Esto demuestra que algunos péptidos nuevos se expresan altamente en tumores individuales y también ilustra que algunos péptidos se expresan altamente en tejidos tumorales. Por tanto, la identificación de dianas antigénicas en el proteoma puede simplificar el desarrollo de inmunoterapias, ya que el sistema inmunológico se activa mediante fragmentos de proteínas que se muestran en el MHC. Estas evaluaciones altamente confiables demuestran que el análisis proteómico de perfiles de proteínas de alta calidad desempeñará un papel importante en el avance de la medicina personalizada.

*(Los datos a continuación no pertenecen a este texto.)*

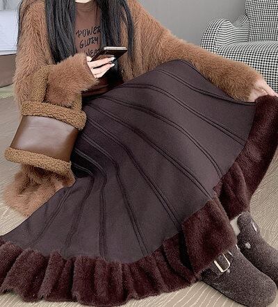 ニットスカート レディース スカート ロングスカート プリーツスカート ミモレ丈 ロング 裾ボアフリル ハイウエスト ウエストゴム リブニット 伸縮性 厚手 きれいめ 大人 おしゃれ 大人女子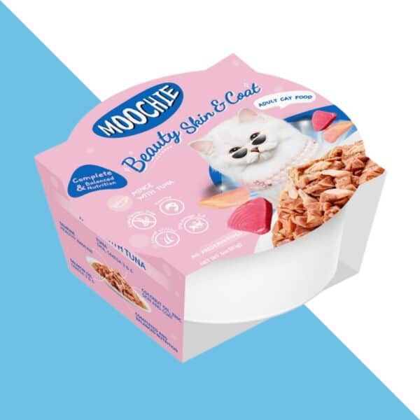 נתחי טונה יעודי לטיפוח הפרווה והעור מאת Moochie הוא מזון רטוב איכותי המכיל רכיבים טבעיים.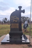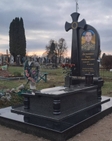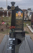 Військовий гранітний пам’ятник моделі В-20, виготовлений з чорного рабра та зеленого граніту човнова. Розміри 205(в)*250(д)*170(ш).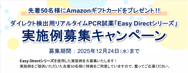Easy Directシリーズ 実施例募集キャンペーン タカラバイオ株式会社 Easy Directシリーズ 実施例募集キャンペーン 【期間】2025年10月24日~2025年12月24日まで開催中! 詳しくはこちらまで! facebook twitter line

Este estudio es el primero que clasifica los subtipos de tumores de mama basándose en un análisis imparcial de los perfiles del proteoma. La correlación significativa de los miembros cuantitativos de proteínas demuestra la confiabilidad del análisis cuantitativo de proteínas y, mediante análisis adicionales de proteómica y mediciones de sistemas paralelos, podemos obtener más conocimientos en el campo del cáncer de mama. Estos conocimientos incluyen determinar la segregación inequívoca de tumores de tipo basal en función de la composición inmune, inferir el control regulatorio de genes marcadores de cáncer característicos mediante la fosforilación de grupos específicos de proteínas reguladoras, revelar la preferencia glucolítica de subtipos de tumores proliferativos e identificar posibles cambios en el número de copias. se atenúan mediante mecanismos reguladores a nivel proteico, como la ubiquitinación y la posterior degradación en el proteosoma. Además, la expresión de MET-EGFR*** también se ha identificado como biomarcador para validar subtipos tumorales. La estratificación de pacientes basada en datos proteómicos de alta calidad está marcada por la concordancia con múltiples niveles de sistemas e inmunohistoquímica, lo que enfatiza la utilidad de varios métodos para traducir los hallazgos a nivel de sistemas en estrategias de tratamiento efectivas.